◆ **Data extract**:
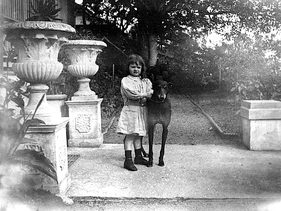 Margaret Granville Wandooline (“Wanda”) Stuart . . . posing with “Garrick” at her home in Toowong, Brisbane, Queensland, 1899, photographer unknown, via State Library of Queensland Commons on flickr.
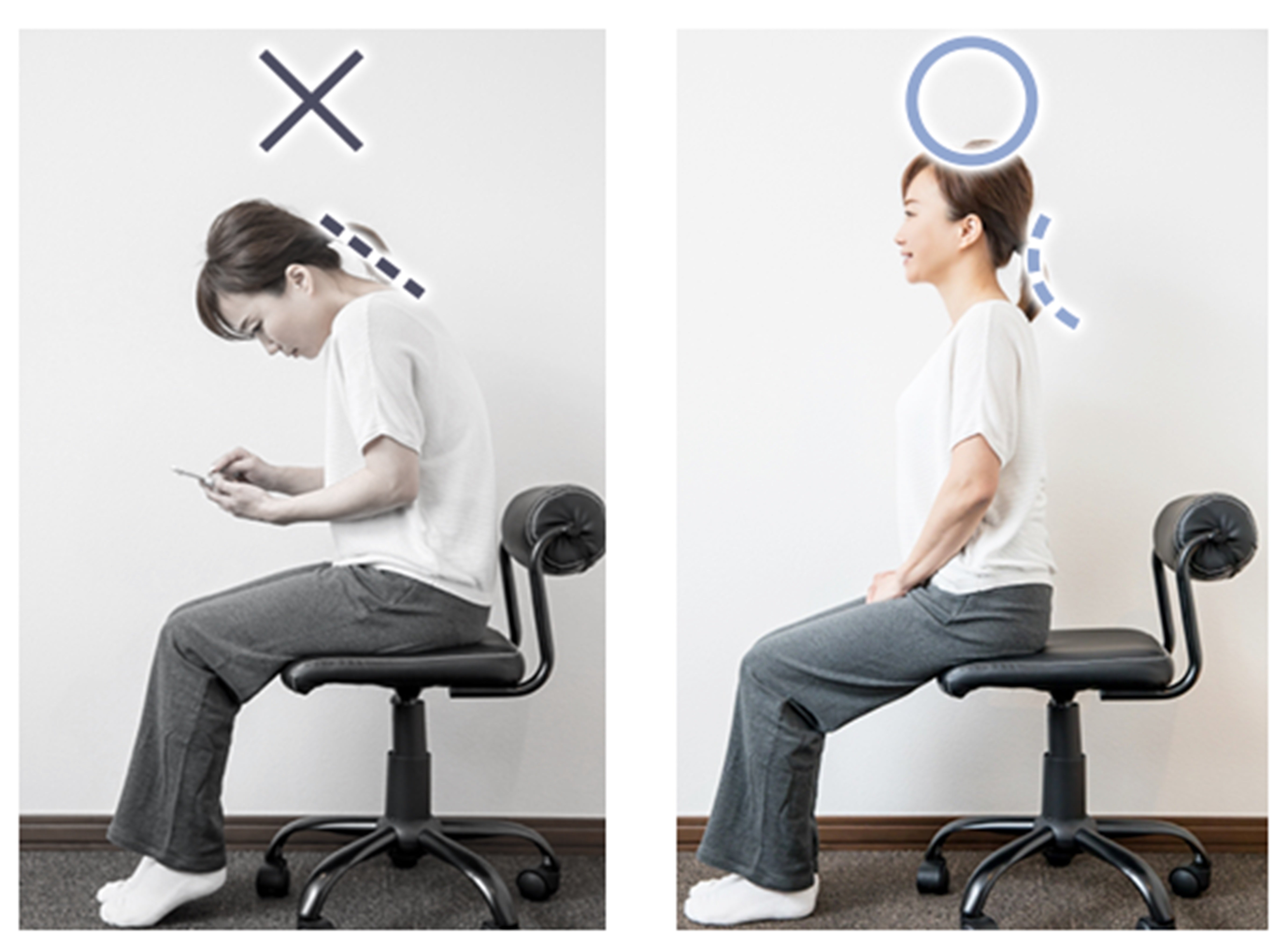 正常な首の骨は「ゆるやかにカーブ」しています。まっすぐ(ストレートネック)や逆に曲がっていると脊髄に負担がかかり構造的に不利になります。スマホやパソコン操作によってこの状態が続くと、日常の呼吸の気道も確保しづらくなり体に様々な不調を与えます。
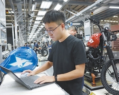“哪個(gè)環(huán)節(jié)的裝配參數(shù)和給定值不吻合,系統(tǒng)就會(huì)自動(dòng)報(bào)警,不再需要人工巡檢,效率得到大幅提升?!标悋刚f,得益于數(shù)智化生產(chǎn)線,每150秒就有一輛摩托車下線。
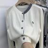 Damen Herbst Winter Strick-Cardigan Einreihig Rundhalsausschnitt Farbblock Elastisch Warm Anti-Pilling Damen Pullover Mantel
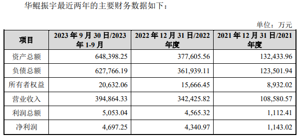 财务数据显示,2021年、2022年及2023年前9月,公司分别实现营收10.86亿元、34.24亿元、39.49亿元,净利润1143.02万元、4340.97万元、4697.25万元。
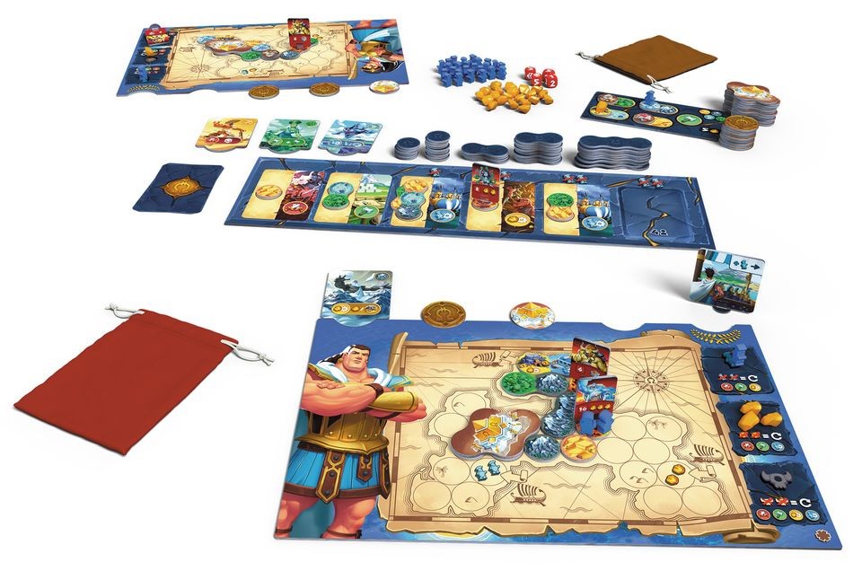 Construisez des Temples, forgez des médaillons d’Orichalque et attirez l’attention des Titans pour obtenir 5 points de victoire en premier, et remporter la partie ! Il vous faudra explorer l’île, produire des ressources, développer votre camp de base et affronter les créatures qui peuplent l’île. Orichalque est une course. Pour l’emporter vous devez pacifier votre île et obtenir 5 points de victoire avant vos adversaires. 3 options pour cela : attirer l’attention des Titans, ériger des Temples et forger des médaillons d’Orichalque. À votre tour, vous choisissez une des cartes Action disponibles, déterminante pour la suite. Elle vous permet d’abord de récupérer une tuile Terrain, à poser sur votre plateau pour symboliser l’exploration de l’île. Son positionnement permet de préparer vos futurs constructions mais aussi d’attirer l’attention des Titans. Puis vous effectuez l’Action de la carte choisie. Vous pourrez capturer les Créatures peuplant votre île. Recruter des Hoplites sera indispensable pour combattre. Produire de l’Orichalque nécessaire si vous voulez forger des médaillons. Enfin, Construire vous ouvrira la porte de nouvelles stratégies grâce à de puissants Bâtiments. Contenu 4 plateaux Île 1 plateau Construction 1 plateau Actions 12 cartes Action 4 tuiles Titan 65 tuiles Terrain 4 tuiles Métropole, 17 jetons Victoire 17 tuiles Temple 20 pions Créature et 1 sac à Créatures 26 jetons Bâtiment et 1 sac à Bâtiment 4 dés de combat 30 pions Hoplite 30 pépites d’Orichalque 1 pion Initiative 1 livret de règles
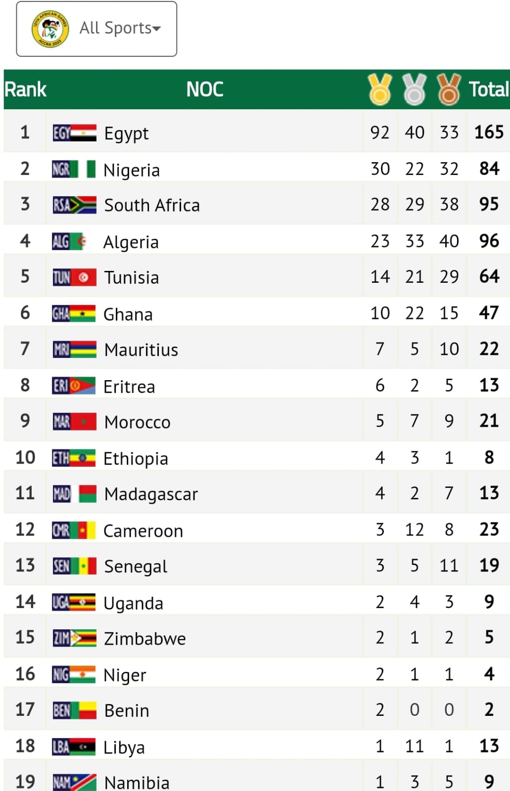ونجح لاعبو بعثة مصر المشاركة في دورة الألعاب الإفريقية في حصد 165 ميدالية متنوعة إلى الأن، وجاءت تفاصيل الميداليات التي حصدتها بعثة الفراعنة كالتالي: 92 ميدالية ذهبية، 40 ميدالية فضية، 33 ميدالية برونزية.
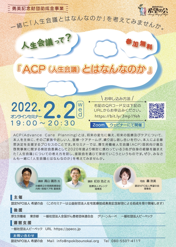 厚生労働省 人生会議(ACP)国民向け普及啓発事業に関する検討会委員である

◆ **Exercise details**:
The copy should hold exactly the lines from the one containing "ونجح لاعبو بعثة" through the final line of the records above, both ends included, and no picture.

◆ **Solution to this exercise**:
ونجح لاعبو بعثة مصر المشاركة في دورة الألعاب الإفريقية في حصد 165 ميدالية متنوعة إلى الأن، وجاءت تفاصيل الميداليات التي حصدتها بعثة الفراعنة كالتالي: 92 ميدالية ذهبية، 40 ميدالية فضية، 33 ميدالية برونزية.
 厚生労働省 人生会議(ACP)国民向け普及啓発事業に関する検討会委員である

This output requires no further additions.